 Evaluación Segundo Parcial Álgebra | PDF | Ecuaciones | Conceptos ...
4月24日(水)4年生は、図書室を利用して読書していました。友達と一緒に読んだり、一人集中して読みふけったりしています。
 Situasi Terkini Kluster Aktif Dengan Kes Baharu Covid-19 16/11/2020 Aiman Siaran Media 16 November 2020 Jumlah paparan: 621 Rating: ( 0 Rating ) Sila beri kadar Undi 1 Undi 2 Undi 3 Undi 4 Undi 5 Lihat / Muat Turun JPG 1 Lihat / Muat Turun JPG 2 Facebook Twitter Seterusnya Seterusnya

---

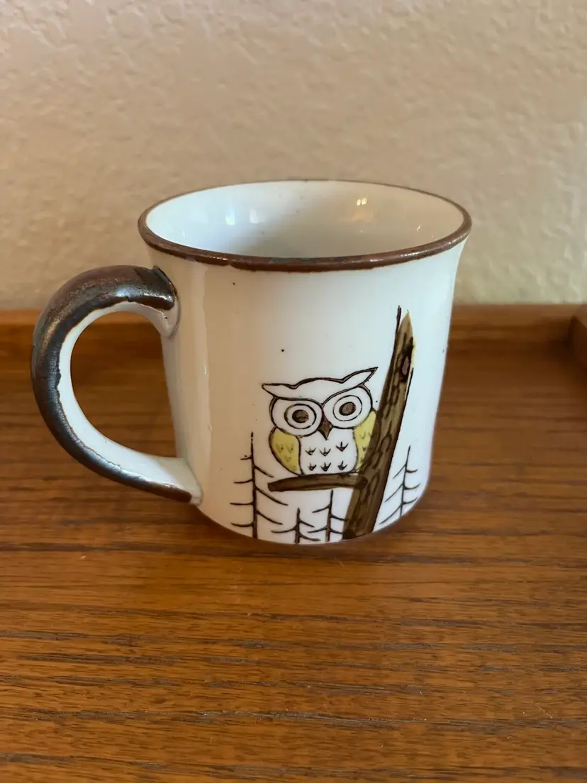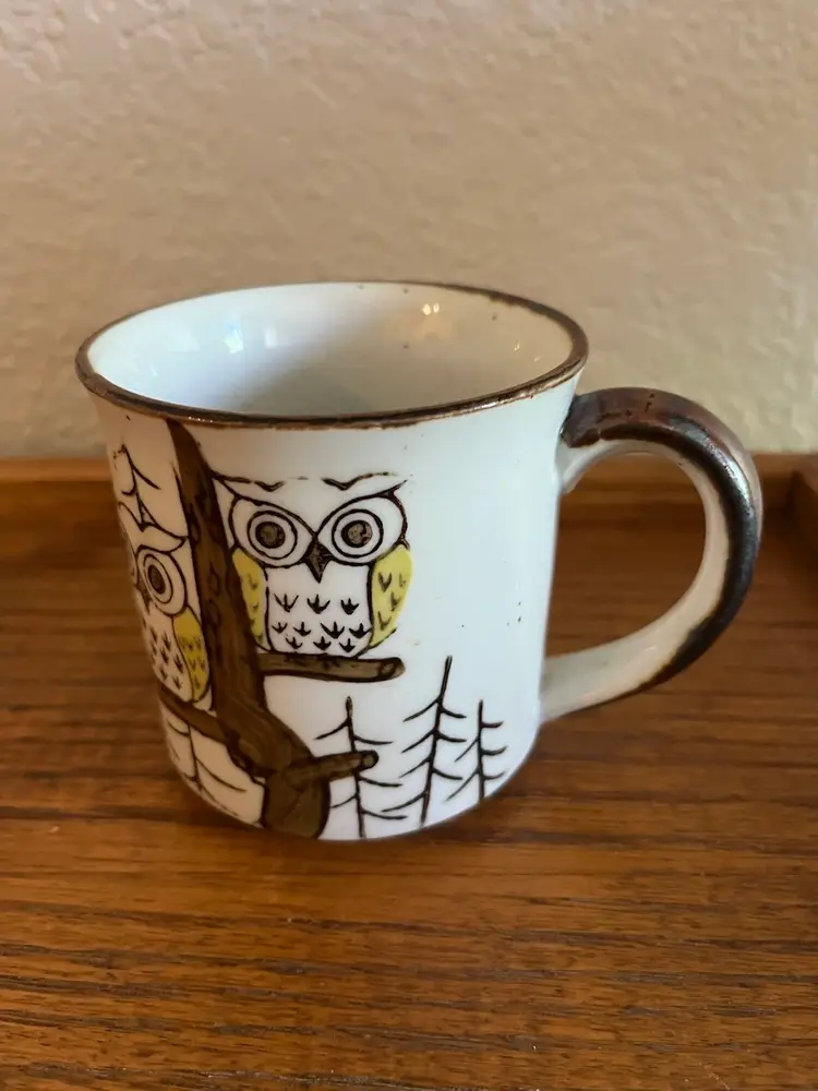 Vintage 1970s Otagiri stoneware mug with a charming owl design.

--

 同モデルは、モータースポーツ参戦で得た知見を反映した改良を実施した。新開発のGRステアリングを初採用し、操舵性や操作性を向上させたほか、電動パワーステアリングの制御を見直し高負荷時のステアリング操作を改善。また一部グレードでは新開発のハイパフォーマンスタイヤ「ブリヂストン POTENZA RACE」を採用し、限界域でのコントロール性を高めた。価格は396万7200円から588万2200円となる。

## [Exercise requirements]
In the listing above, locate the line containing "Evaluación Segundo Parcial" and the line containing "Situasi Terkini Kluster". Transcribe those two lines and everything between them, exactly as written.

## [Answer to the problem]
 Evaluación Segundo Parcial Álgebra | PDF | Ecuaciones | Conceptos ...
4月24日(水)4年生は、図書室を利用して読書していました。友達と一緒に読んだり、一人集中して読みふけったりしています。
 Situasi Terkini Kluster Aktif Dengan Kes Baharu Covid-19 16/11/2020 Aiman Siaran Media 16 November 2020 Jumlah paparan: 621 Rating: ( 0 Rating ) Sila beri kadar Undi 1 Undi 2 Undi 3 Undi 4 Undi 5 Lihat / Muat Turun JPG 1 Lihat / Muat Turun JPG 2 Facebook Twitter Seterusnya Seterusnya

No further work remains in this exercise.